Source records START

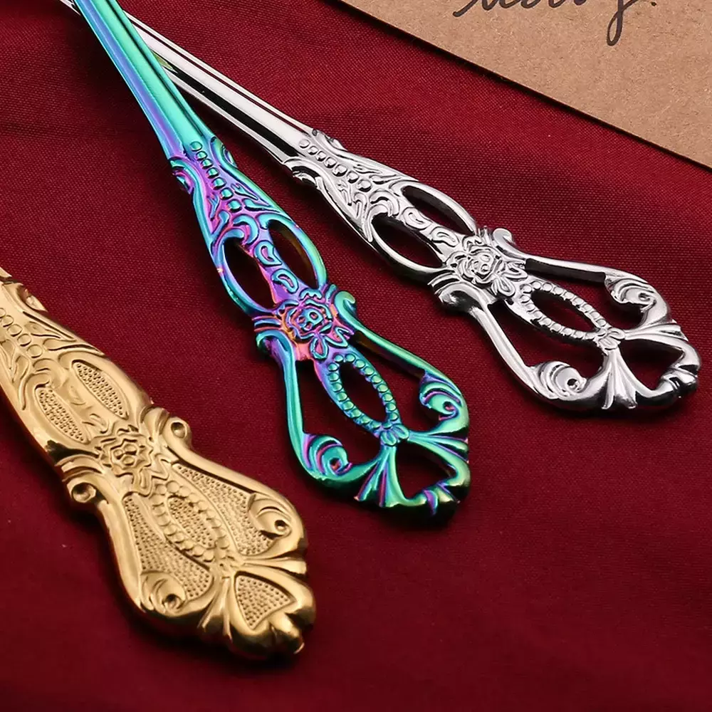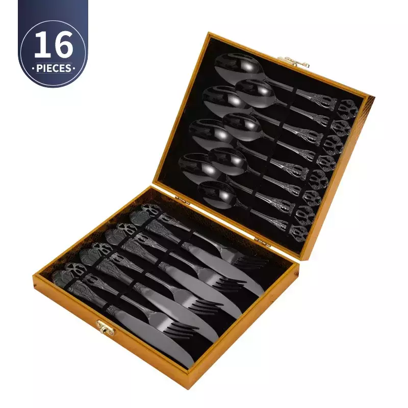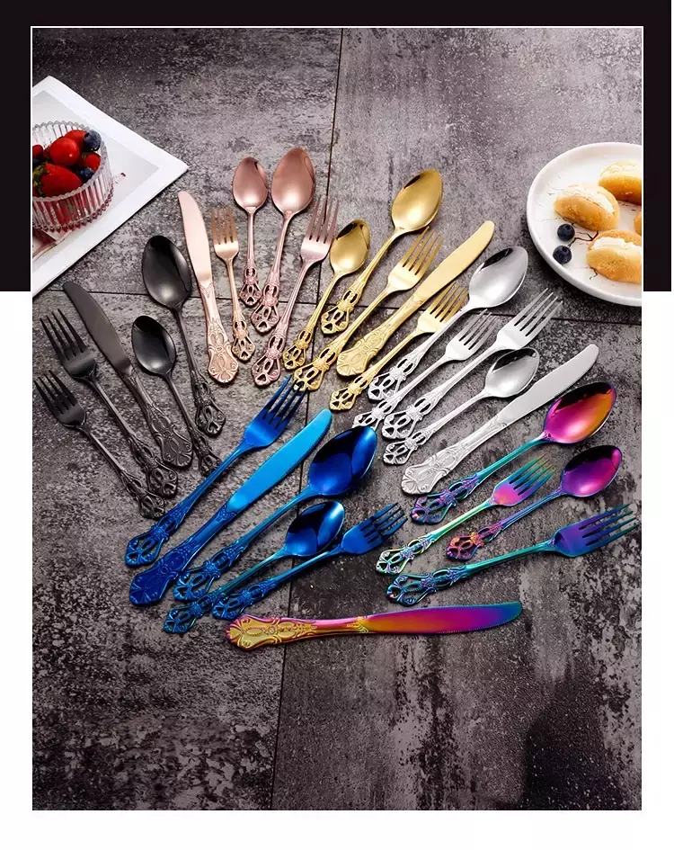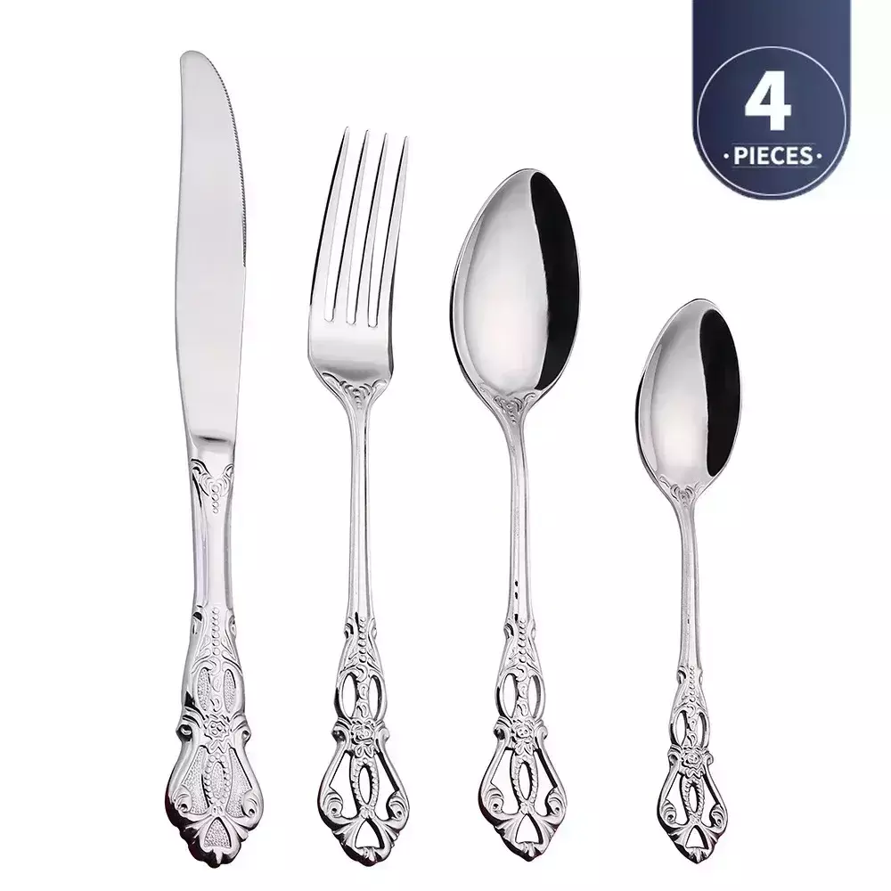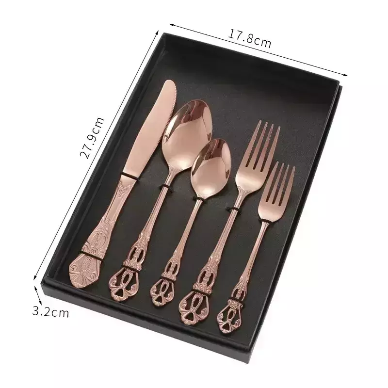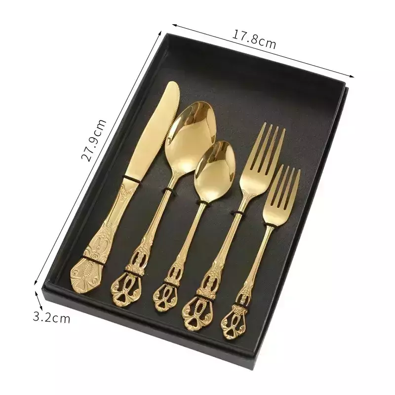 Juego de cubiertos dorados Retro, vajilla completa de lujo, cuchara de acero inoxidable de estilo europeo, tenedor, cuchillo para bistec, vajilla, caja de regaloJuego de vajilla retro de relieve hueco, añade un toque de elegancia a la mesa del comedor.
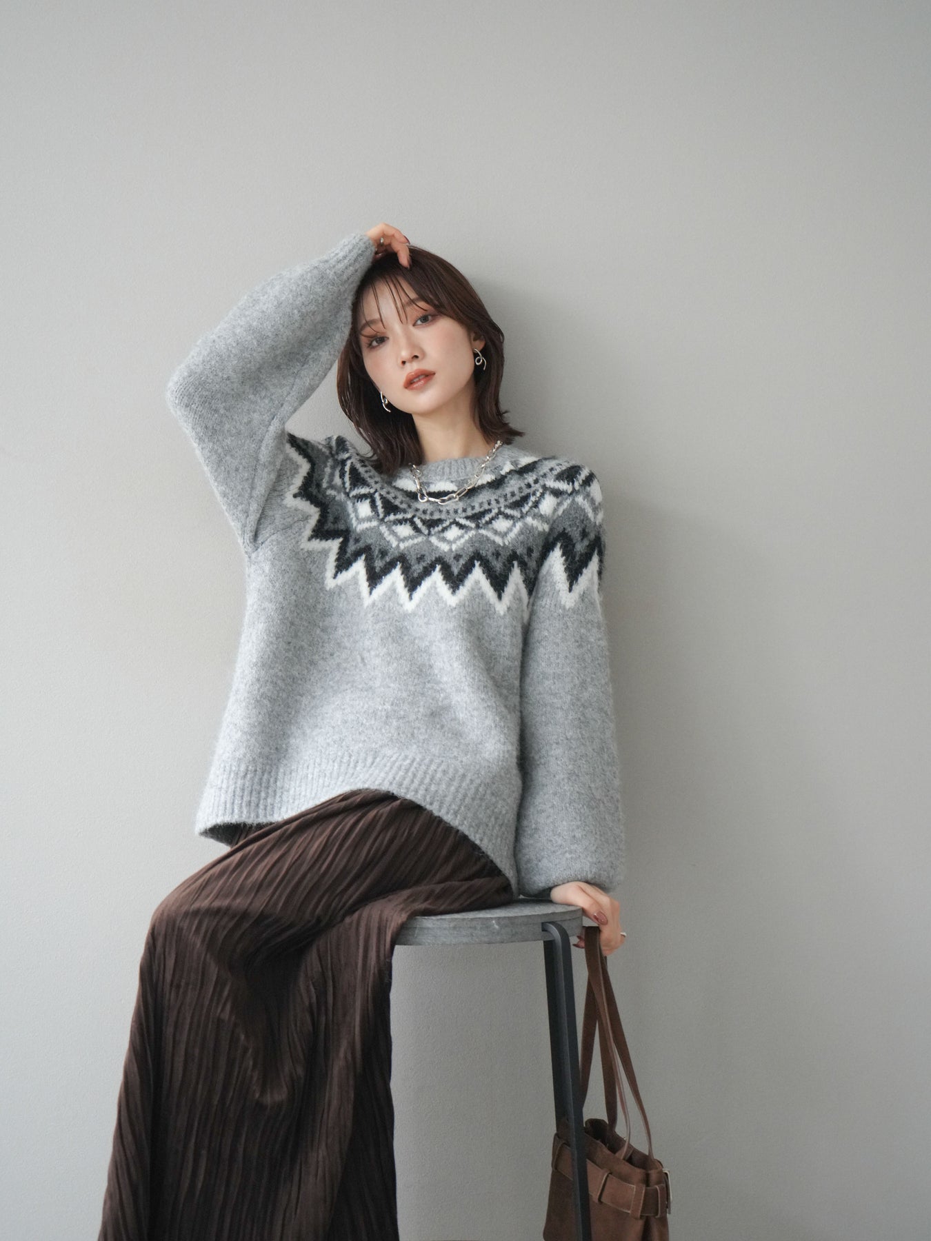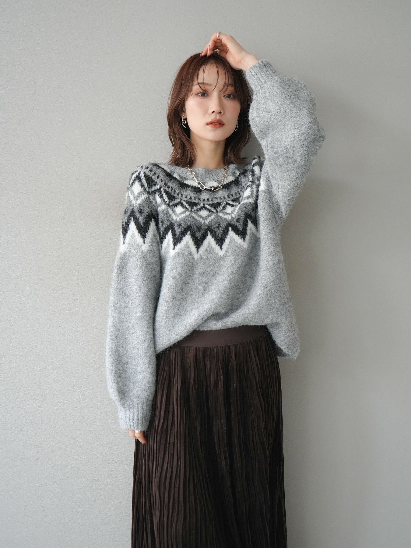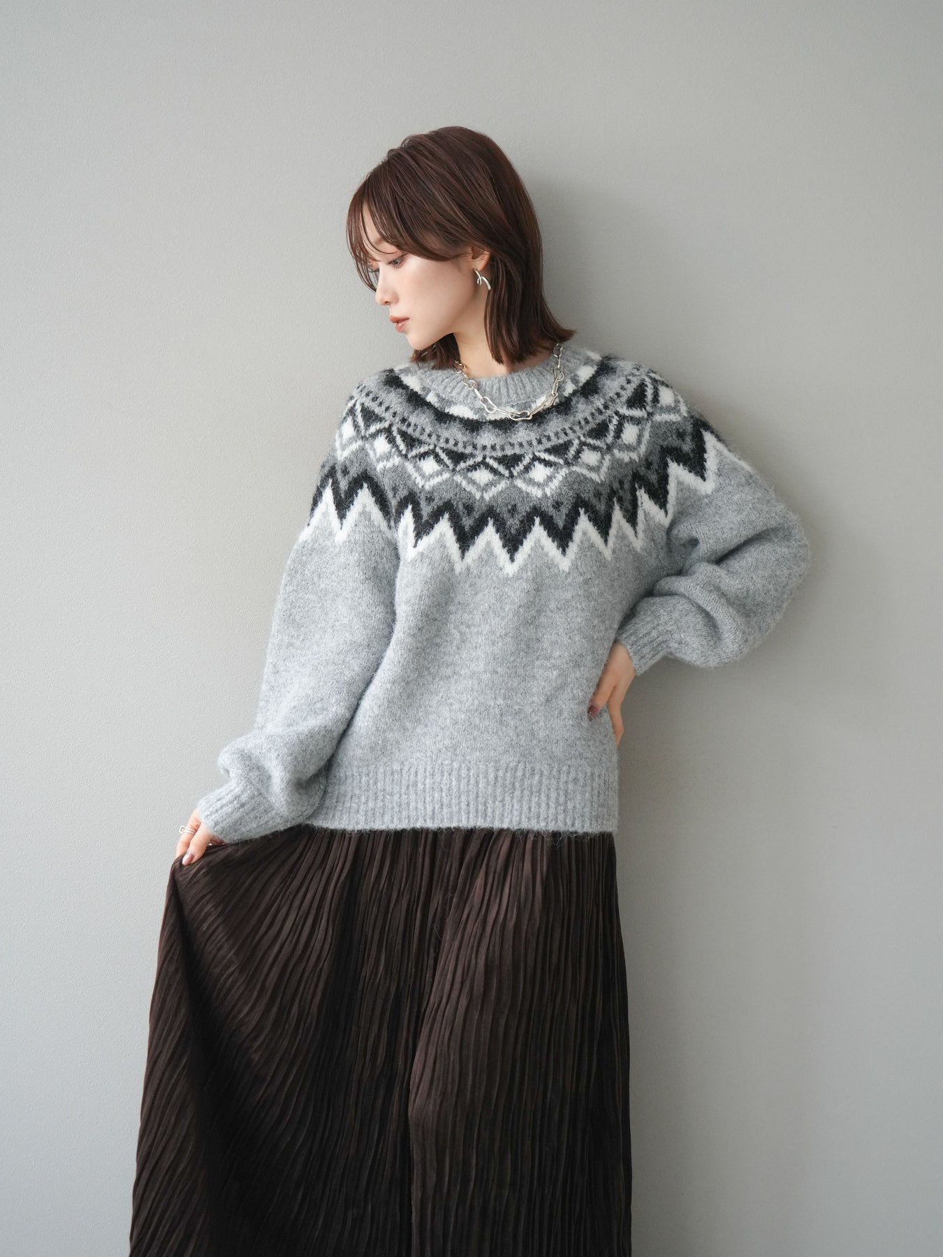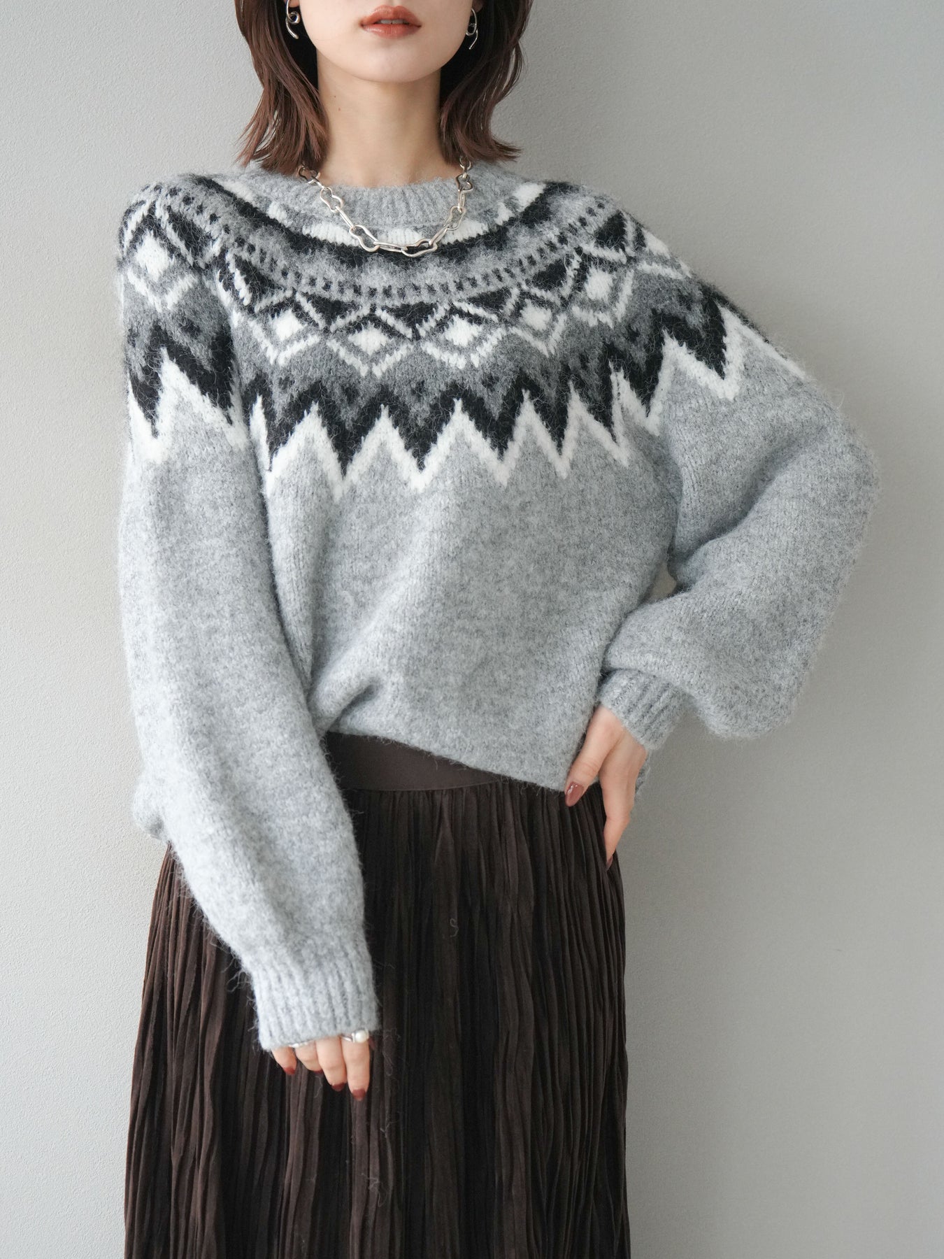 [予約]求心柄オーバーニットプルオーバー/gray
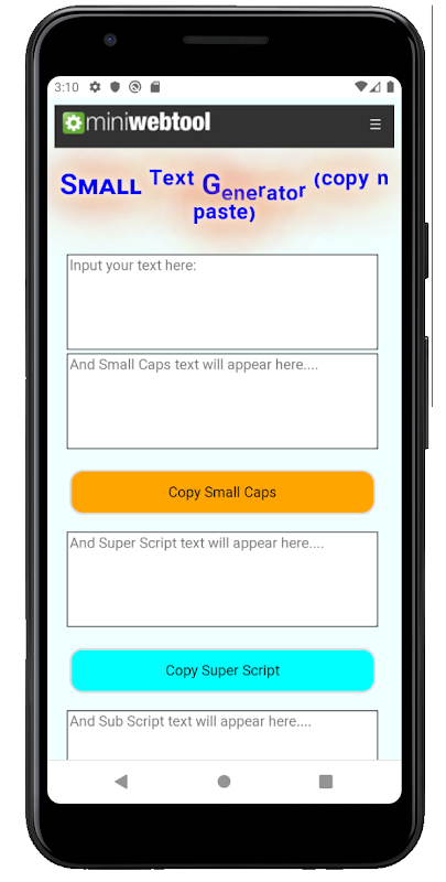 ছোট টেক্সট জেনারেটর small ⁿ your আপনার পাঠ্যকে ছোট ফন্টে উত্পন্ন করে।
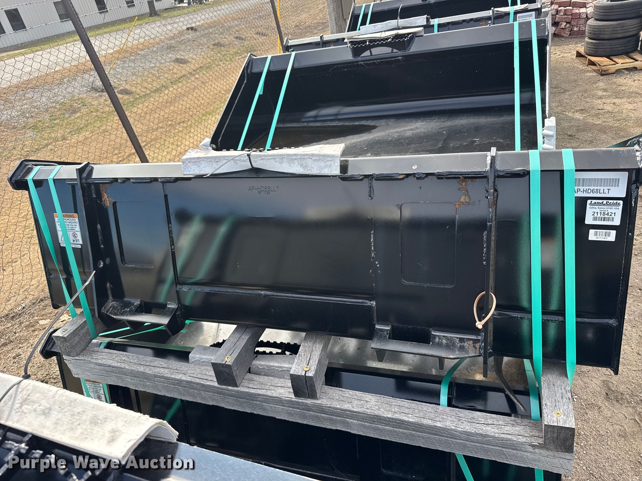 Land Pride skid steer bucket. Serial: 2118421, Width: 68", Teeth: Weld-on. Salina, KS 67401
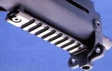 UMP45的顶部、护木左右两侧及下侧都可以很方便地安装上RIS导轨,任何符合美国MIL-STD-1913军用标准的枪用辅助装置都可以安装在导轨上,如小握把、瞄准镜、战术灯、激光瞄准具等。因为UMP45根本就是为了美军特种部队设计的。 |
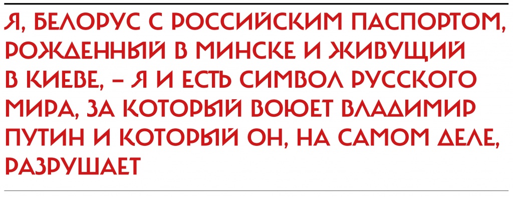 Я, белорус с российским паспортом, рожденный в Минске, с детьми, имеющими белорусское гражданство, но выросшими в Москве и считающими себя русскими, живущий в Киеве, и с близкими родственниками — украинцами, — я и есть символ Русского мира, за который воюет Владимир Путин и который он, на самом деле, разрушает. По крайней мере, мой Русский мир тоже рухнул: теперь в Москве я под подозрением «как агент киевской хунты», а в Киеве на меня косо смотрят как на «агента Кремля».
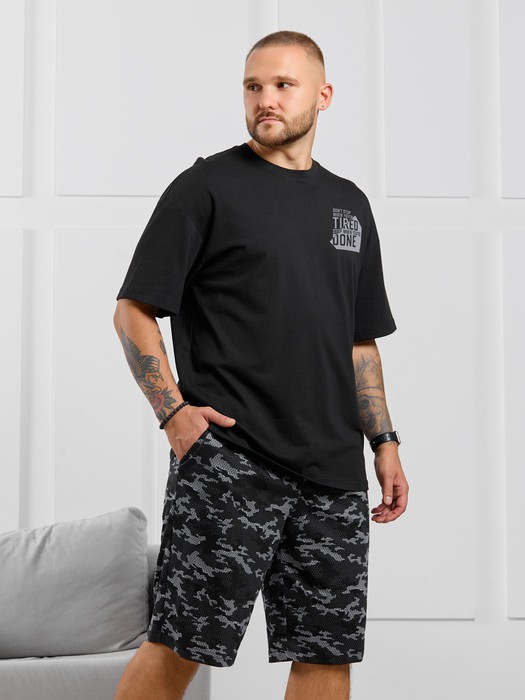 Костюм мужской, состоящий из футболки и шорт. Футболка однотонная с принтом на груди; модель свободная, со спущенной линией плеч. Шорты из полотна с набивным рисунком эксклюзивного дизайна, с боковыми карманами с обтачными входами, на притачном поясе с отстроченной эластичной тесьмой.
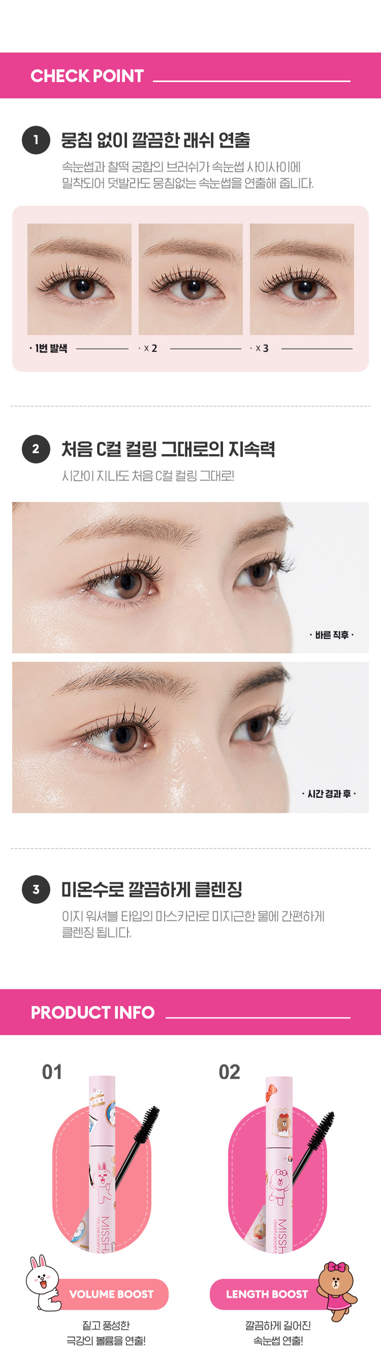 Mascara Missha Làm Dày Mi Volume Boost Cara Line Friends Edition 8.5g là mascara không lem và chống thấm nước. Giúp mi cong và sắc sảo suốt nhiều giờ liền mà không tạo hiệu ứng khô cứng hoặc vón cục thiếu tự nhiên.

Source records END

Each entry must be retyped word for word, with every image omitted.

 Juego de cubiertos dorados Retro, vajilla completa de lujo, cuchara de acero inoxidable de estilo europeo, tenedor, cuchillo para bistec, vajilla, caja de regaloJuego de vajilla retro de relieve hueco, añade un toque de elegancia a la mesa del comedor.
 [予約]求心柄オーバーニットプルオーバー/gray
 ছোট টেক্সট জেনারেটর small ⁿ your আপনার পাঠ্যকে ছোট ফন্টে উত্পন্ন করে।
 Land Pride skid steer bucket. Serial: 2118421, Width: 68", Teeth: Weld-on. Salina, KS 67401
 UMP45的顶部、护木左右两侧及下侧都可以很方便地安装上RIS导轨,任何符合美国MIL-STD-1913军用标准的枪用辅助装置都可以安装在导轨上,如小握把、瞄准镜、战术灯、激光瞄准具等。因为UMP45根本就是为了美军特种部队设计的。 |
 Я, белорус с российским паспортом, рожденный в Минске, с детьми, имеющими белорусское гражданство, но выросшими в Москве и считающими себя русскими, живущий в Киеве, и с близкими родственниками — украинцами, — я и есть символ Русского мира, за который воюет Владимир Путин и который он, на самом деле, разрушает. По крайней мере, мой Русский мир тоже рухнул: теперь в Москве я под подозрением «как агент киевской хунты», а в Киеве на меня косо смотрят как на «агента Кремля».
 Костюм мужской, состоящий из футболки и шорт. Футболка однотонная с принтом на груди; модель свободная, со спущенной линией плеч. Шорты из полотна с набивным рисунком эксклюзивного дизайна, с боковыми карманами с обтачными входами, на притачном поясе с отстроченной эластичной тесьмой.
 Mascara Missha Làm Dày Mi Volume Boost Cara Line Friends Edition 8.5g là mascara không lem và chống thấm nước. Giúp mi cong và sắc sảo suốt nhiều giờ liền mà không tạo hiệu ứng khô cứng hoặc vón cục thiếu tự nhiên.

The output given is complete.